Task material >>
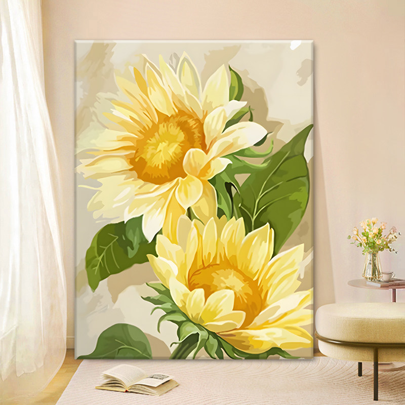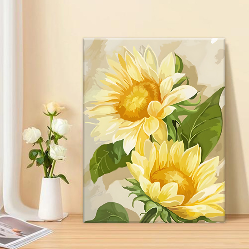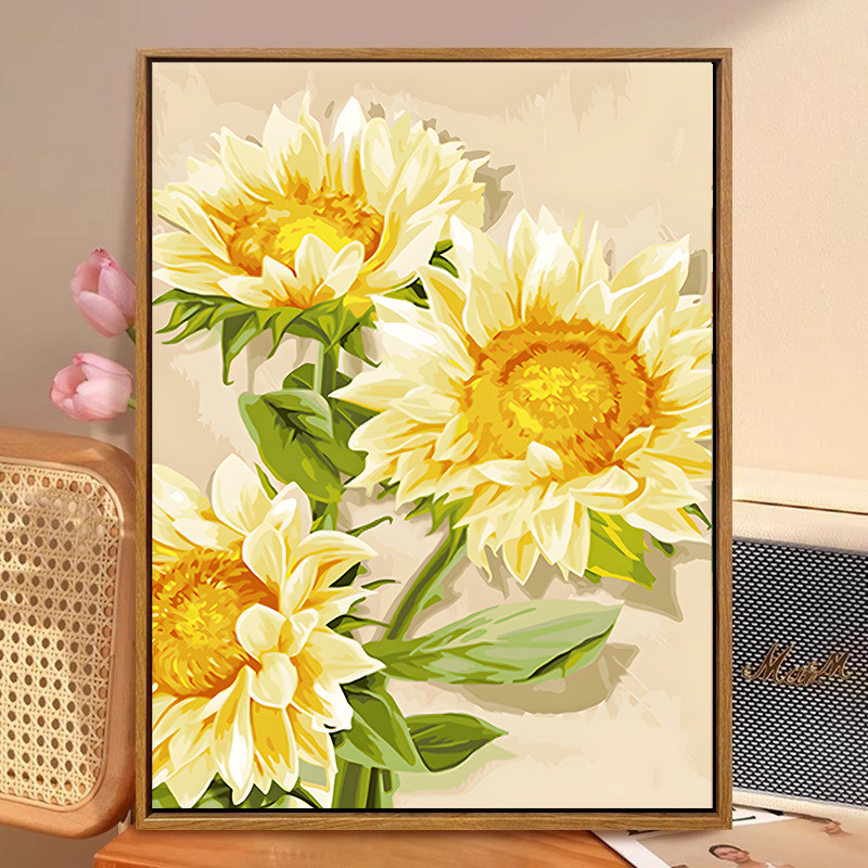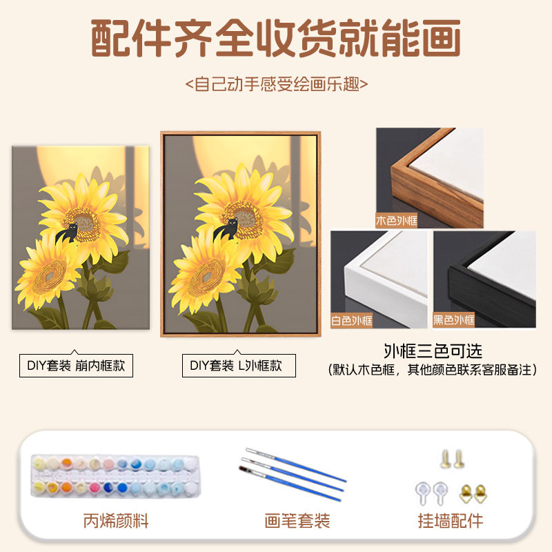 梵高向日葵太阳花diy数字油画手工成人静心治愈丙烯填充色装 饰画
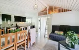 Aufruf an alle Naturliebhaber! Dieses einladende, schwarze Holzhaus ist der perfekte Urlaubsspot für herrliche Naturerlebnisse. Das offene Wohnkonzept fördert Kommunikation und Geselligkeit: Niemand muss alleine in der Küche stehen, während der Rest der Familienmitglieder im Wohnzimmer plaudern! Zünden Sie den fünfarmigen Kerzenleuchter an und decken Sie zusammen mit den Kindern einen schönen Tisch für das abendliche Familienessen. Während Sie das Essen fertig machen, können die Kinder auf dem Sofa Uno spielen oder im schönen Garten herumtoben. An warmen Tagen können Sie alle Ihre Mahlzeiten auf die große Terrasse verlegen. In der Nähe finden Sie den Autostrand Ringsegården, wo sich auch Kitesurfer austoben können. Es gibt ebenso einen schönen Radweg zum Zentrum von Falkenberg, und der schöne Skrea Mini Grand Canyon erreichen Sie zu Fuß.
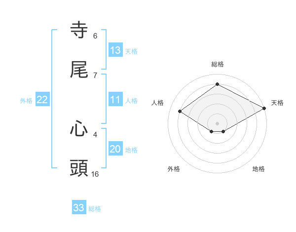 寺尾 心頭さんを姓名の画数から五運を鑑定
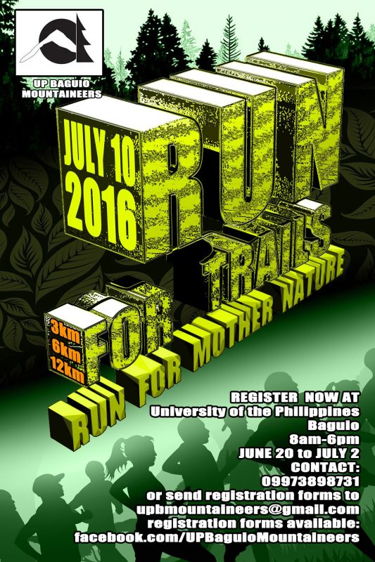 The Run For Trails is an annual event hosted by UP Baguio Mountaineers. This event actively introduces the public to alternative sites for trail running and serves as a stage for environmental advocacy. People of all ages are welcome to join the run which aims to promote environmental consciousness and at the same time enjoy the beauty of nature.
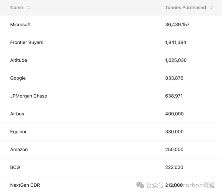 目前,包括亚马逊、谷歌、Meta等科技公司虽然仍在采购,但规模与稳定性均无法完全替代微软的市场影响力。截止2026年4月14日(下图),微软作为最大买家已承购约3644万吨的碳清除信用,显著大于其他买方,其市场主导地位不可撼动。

...

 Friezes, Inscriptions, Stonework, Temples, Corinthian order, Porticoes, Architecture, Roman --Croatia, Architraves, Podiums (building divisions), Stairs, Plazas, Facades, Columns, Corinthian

* * *

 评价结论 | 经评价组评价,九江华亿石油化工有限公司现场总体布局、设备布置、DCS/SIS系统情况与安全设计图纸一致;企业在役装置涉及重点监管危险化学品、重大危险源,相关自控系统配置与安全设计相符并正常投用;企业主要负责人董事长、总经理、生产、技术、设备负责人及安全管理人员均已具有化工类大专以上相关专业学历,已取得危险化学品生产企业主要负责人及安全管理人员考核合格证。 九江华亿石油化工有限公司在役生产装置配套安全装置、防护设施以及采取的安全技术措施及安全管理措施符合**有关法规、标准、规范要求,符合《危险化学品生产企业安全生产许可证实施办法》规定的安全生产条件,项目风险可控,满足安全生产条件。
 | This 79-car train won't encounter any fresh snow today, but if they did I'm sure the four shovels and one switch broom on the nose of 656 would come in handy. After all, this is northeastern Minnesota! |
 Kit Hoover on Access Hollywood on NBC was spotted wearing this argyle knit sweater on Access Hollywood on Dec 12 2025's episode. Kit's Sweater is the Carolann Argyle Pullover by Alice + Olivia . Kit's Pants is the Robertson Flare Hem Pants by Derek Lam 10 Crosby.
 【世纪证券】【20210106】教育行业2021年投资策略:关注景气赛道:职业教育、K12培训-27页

Problem description >> For the entries above, print exactly the lines between the one with "Aufruf an alle" and the one with "目前,包括亚马逊、谷歌、Me", inclusive, with no pictures.

Task response >>
 Aufruf an alle Naturliebhaber! Dieses einladende, schwarze Holzhaus ist der perfekte Urlaubsspot für herrliche Naturerlebnisse. Das offene Wohnkonzept fördert Kommunikation und Geselligkeit: Niemand muss alleine in der Küche stehen, während der Rest der Familienmitglieder im Wohnzimmer plaudern! Zünden Sie den fünfarmigen Kerzenleuchter an und decken Sie zusammen mit den Kindern einen schönen Tisch für das abendliche Familienessen. Während Sie das Essen fertig machen, können die Kinder auf dem Sofa Uno spielen oder im schönen Garten herumtoben. An warmen Tagen können Sie alle Ihre Mahlzeiten auf die große Terrasse verlegen. In der Nähe finden Sie den Autostrand Ringsegården, wo sich auch Kitesurfer austoben können. Es gibt ebenso einen schönen Radweg zum Zentrum von Falkenberg, und der schöne Skrea Mini Grand Canyon erreichen Sie zu Fuß.
 寺尾 心頭さんを姓名の画数から五運を鑑定
 The Run For Trails is an annual event hosted by UP Baguio Mountaineers. This event actively introduces the public to alternative sites for trail running and serves as a stage for environmental advocacy. People of all ages are welcome to join the run which aims to promote environmental consciousness and at the same time enjoy the beauty of nature.
 目前,包括亚马逊、谷歌、Meta等科技公司虽然仍在采购,但规模与稳定性均无法完全替代微软的市场影响力。截止2026年4月14日(下图),微软作为最大买家已承购约3644万吨的碳清除信用,显著大于其他买方,其市场主导地位不可撼动。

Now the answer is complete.